## What you are asked to do
A verbatim repetition of the data below is requested, without images.

## Source data
§

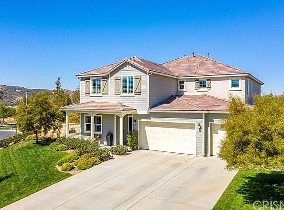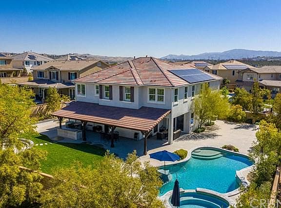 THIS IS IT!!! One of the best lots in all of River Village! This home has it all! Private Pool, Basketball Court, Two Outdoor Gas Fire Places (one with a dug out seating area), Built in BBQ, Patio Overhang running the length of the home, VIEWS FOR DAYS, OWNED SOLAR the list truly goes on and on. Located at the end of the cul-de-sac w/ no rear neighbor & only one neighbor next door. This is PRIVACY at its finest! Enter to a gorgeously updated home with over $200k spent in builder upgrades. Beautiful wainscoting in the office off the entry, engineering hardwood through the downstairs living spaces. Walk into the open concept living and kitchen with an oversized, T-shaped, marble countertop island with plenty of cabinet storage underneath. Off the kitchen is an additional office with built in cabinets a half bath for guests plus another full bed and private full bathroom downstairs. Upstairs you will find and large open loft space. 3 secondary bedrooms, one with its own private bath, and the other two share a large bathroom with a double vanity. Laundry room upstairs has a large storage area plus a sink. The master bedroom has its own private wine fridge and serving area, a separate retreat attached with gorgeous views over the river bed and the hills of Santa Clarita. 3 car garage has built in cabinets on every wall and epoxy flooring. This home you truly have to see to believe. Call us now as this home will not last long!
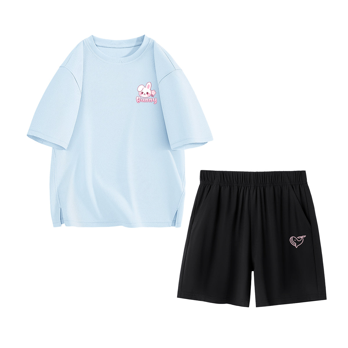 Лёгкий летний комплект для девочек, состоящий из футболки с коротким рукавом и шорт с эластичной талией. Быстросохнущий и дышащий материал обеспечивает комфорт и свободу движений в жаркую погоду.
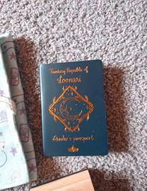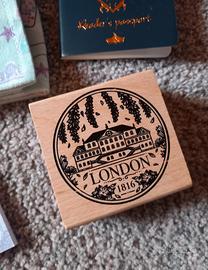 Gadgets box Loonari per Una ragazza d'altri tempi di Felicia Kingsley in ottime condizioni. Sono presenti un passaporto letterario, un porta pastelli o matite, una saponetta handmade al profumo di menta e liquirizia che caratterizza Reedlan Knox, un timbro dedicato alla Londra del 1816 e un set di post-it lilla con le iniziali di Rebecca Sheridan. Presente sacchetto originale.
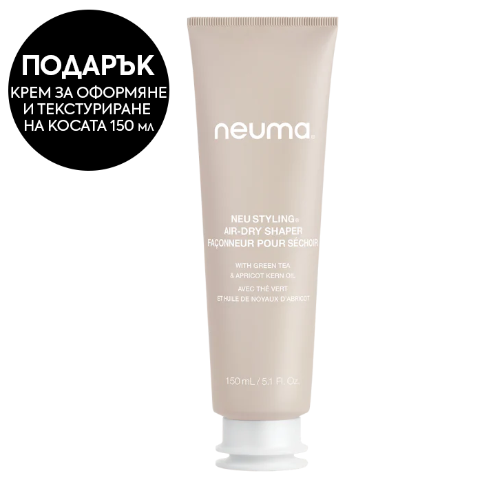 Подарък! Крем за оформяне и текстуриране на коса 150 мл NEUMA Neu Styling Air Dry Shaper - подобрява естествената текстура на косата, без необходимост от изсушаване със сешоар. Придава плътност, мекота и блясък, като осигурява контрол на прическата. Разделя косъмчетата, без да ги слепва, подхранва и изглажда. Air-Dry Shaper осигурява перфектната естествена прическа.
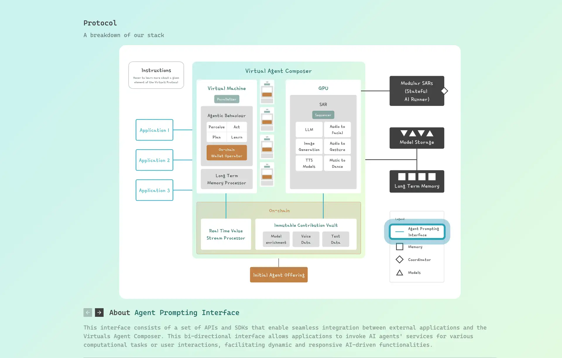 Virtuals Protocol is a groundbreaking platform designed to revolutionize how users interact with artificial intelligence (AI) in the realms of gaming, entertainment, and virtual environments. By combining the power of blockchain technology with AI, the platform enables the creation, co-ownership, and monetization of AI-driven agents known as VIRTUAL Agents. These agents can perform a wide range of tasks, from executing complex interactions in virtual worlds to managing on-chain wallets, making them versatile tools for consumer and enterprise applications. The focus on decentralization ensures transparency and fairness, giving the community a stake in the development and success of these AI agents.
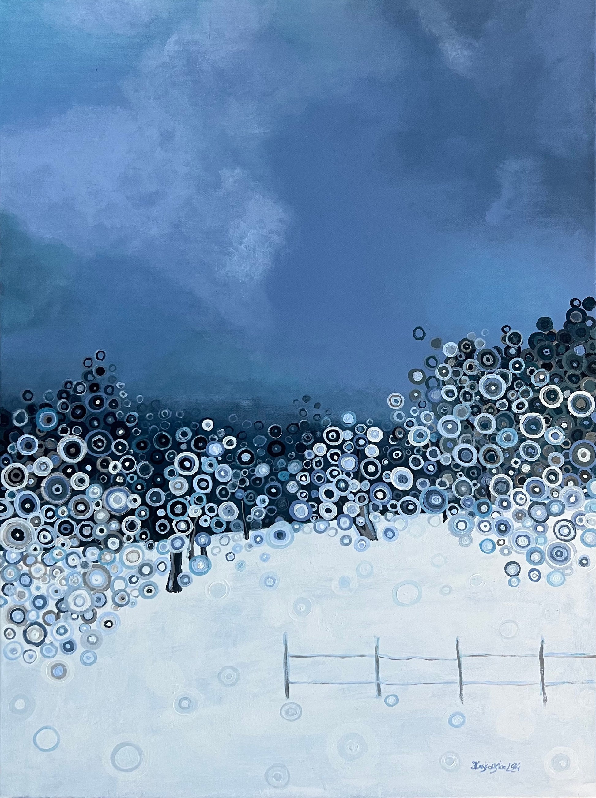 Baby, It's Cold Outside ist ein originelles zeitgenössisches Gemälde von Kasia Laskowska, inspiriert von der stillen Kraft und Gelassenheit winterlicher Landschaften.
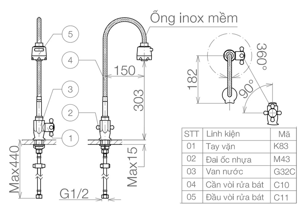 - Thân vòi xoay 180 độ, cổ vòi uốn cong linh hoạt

§

## Solution to the problem
 THIS IS IT!!! One of the best lots in all of River Village! This home has it all! Private Pool, Basketball Court, Two Outdoor Gas Fire Places (one with a dug out seating area), Built in BBQ, Patio Overhang running the length of the home, VIEWS FOR DAYS, OWNED SOLAR the list truly goes on and on. Located at the end of the cul-de-sac w/ no rear neighbor & only one neighbor next door. This is PRIVACY at its finest! Enter to a gorgeously updated home with over $200k spent in builder upgrades. Beautiful wainscoting in the office off the entry, engineering hardwood through the downstairs living spaces. Walk into the open concept living and kitchen with an oversized, T-shaped, marble countertop island with plenty of cabinet storage underneath. Off the kitchen is an additional office with built in cabinets a half bath for guests plus another full bed and private full bathroom downstairs. Upstairs you will find and large open loft space. 3 secondary bedrooms, one with its own private bath, and the other two share a large bathroom with a double vanity. Laundry room upstairs has a large storage area plus a sink. The master bedroom has its own private wine fridge and serving area, a separate retreat attached with gorgeous views over the river bed and the hills of Santa Clarita. 3 car garage has built in cabinets on every wall and epoxy flooring. This home you truly have to see to believe. Call us now as this home will not last long!
 Лёгкий летний комплект для девочек, состоящий из футболки с коротким рукавом и шорт с эластичной талией. Быстросохнущий и дышащий материал обеспечивает комфорт и свободу движений в жаркую погоду.
 Gadgets box Loonari per Una ragazza d'altri tempi di Felicia Kingsley in ottime condizioni. Sono presenti un passaporto letterario, un porta pastelli o matite, una saponetta handmade al profumo di menta e liquirizia che caratterizza Reedlan Knox, un timbro dedicato alla Londra del 1816 e un set di post-it lilla con le iniziali di Rebecca Sheridan. Presente sacchetto originale.
 Подарък! Крем за оформяне и текстуриране на коса 150 мл NEUMA Neu Styling Air Dry Shaper - подобрява естествената текстура на косата, без необходимост от изсушаване със сешоар. Придава плътност, мекота и блясък, като осигурява контрол на прическата. Разделя косъмчетата, без да ги слепва, подхранва и изглажда. Air-Dry Shaper осигурява перфектната естествена прическа.
 Virtuals Protocol is a groundbreaking platform designed to revolutionize how users interact with artificial intelligence (AI) in the realms of gaming, entertainment, and virtual environments. By combining the power of blockchain technology with AI, the platform enables the creation, co-ownership, and monetization of AI-driven agents known as VIRTUAL Agents. These agents can perform a wide range of tasks, from executing complex interactions in virtual worlds to managing on-chain wallets, making them versatile tools for consumer and enterprise applications. The focus on decentralization ensures transparency and fairness, giving the community a stake in the development and success of these AI agents.
 Baby, It's Cold Outside ist ein originelles zeitgenössisches Gemälde von Kasia Laskowska, inspiriert von der stillen Kraft und Gelassenheit winterlicher Landschaften.
 - Thân vòi xoay 180 độ, cổ vòi uốn cong linh hoạt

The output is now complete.